§ **SOURCE DATA**
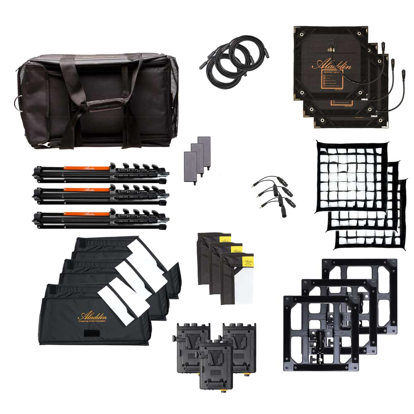 Livré avec 3x Pied 3x Cable 3m 3x ALL-IN 1 ACAD 3x ALL-IN BHAD-F 3x Cadre 1x Diffuseur 3x Softbox et Louver 1x Sac de transport 3x Adaptateur DMX 3x Contrôleur avec Lumenradio
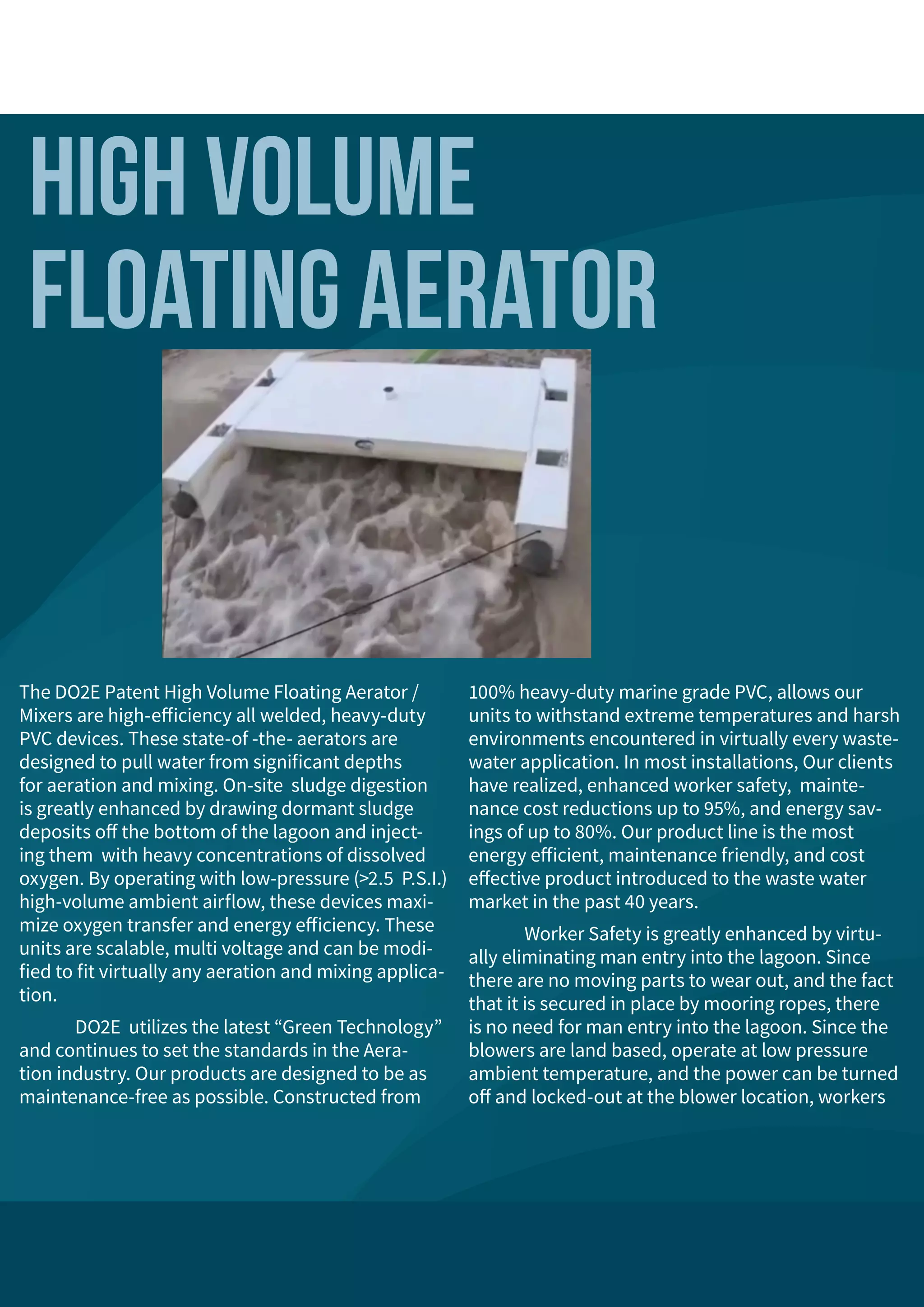 This document describes a high volume floating aerator and mixer produced by DO2E Wastewater Treatment. The aerator is designed to enhance on-site sludge digestion by drawing dormant sludge deposits into the water column and injecting them with dissolved oxygen. It operates using low-pressure, high-volume airflow to maximize oxygen transfer and energy efficiency while aerating and mixing large volumes of water. The aerator is constructed from durable PVC materials and designed for maintenance-free operation, enhanced worker safety, and reduced energy and maintenance costs compared to other aeration equipment.
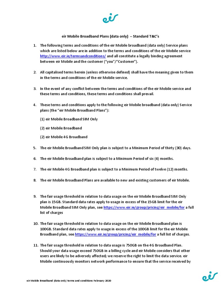 Eir Mobile Broadband Plans (Data Only) Standard T&C's PDF Access 4 G
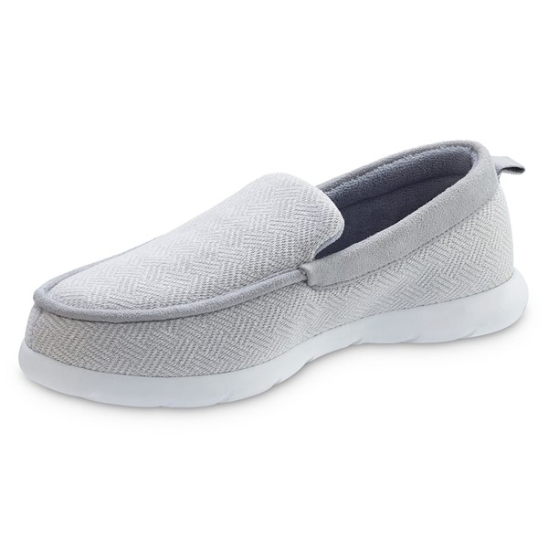 isotoner Men's Zenz Lightweight Moccasin Slipper, Slip-on Shoe, Hatch Knit-Light Grey, 13

§ **PROBLEM REQUIREMENTS**
The expected output is the run of lines from the one containing "Eir Mobile Broadband" to the last line of the listing above, both included, word for word and free of pictures.

§ **EXERCISE SOLUTION**
 Eir Mobile Broadband Plans (Data Only) Standard T&C's PDF Access 4 G
 isotoner Men's Zenz Lightweight Moccasin Slipper, Slip-on Shoe, Hatch Knit-Light Grey, 13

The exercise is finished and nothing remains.